--- Task to carry out ---
From the first line to the last, retype everything below exactly, minus the pictures.

--- Dataset excerpt ---
=-=-=
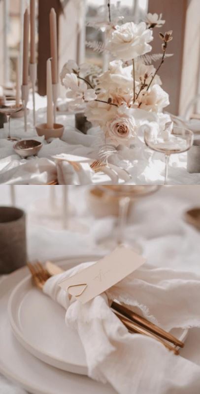 Wir bieten dir drei verschiedene Settings in unterschiedenlichen Farbkonzepten – alle komplett durchgeplant mit Papeterie, Blumendeko und alles was es für eine gelungene und stilvolle Hochzeit benötigt
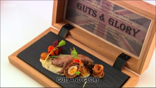 Next to talk us through his starter was Ally McGrath, the only Scot still cooking in Scotland at his restaurant Osso in Peebles. His dish 'Guts and Glory' aimed to demonstrate how those who give their guts and give everything they've got to represent Britain, receive the glory that is the Queen's honor.
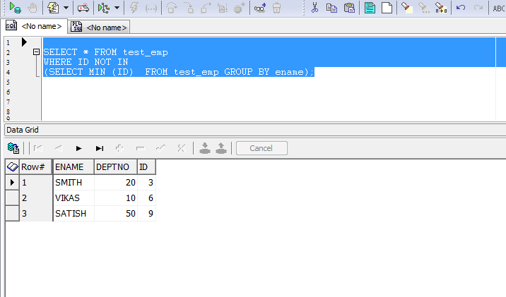 (SELECT MIN (ID) FROM test_emp GROUP BY ename);
=-=-=
--- Completed task ---
 Wir bieten dir drei verschiedene Settings in unterschiedenlichen Farbkonzepten – alle komplett durchgeplant mit Papeterie, Blumendeko und alles was es für eine gelungene und stilvolle Hochzeit benötigt
 Next to talk us through his starter was Ally McGrath, the only Scot still cooking in Scotland at his restaurant Osso in Peebles. His dish 'Guts and Glory' aimed to demonstrate how those who give their guts and give everything they've got to represent Britain, receive the glory that is the Queen's honor.
 (SELECT MIN (ID) FROM test_emp GROUP BY ename);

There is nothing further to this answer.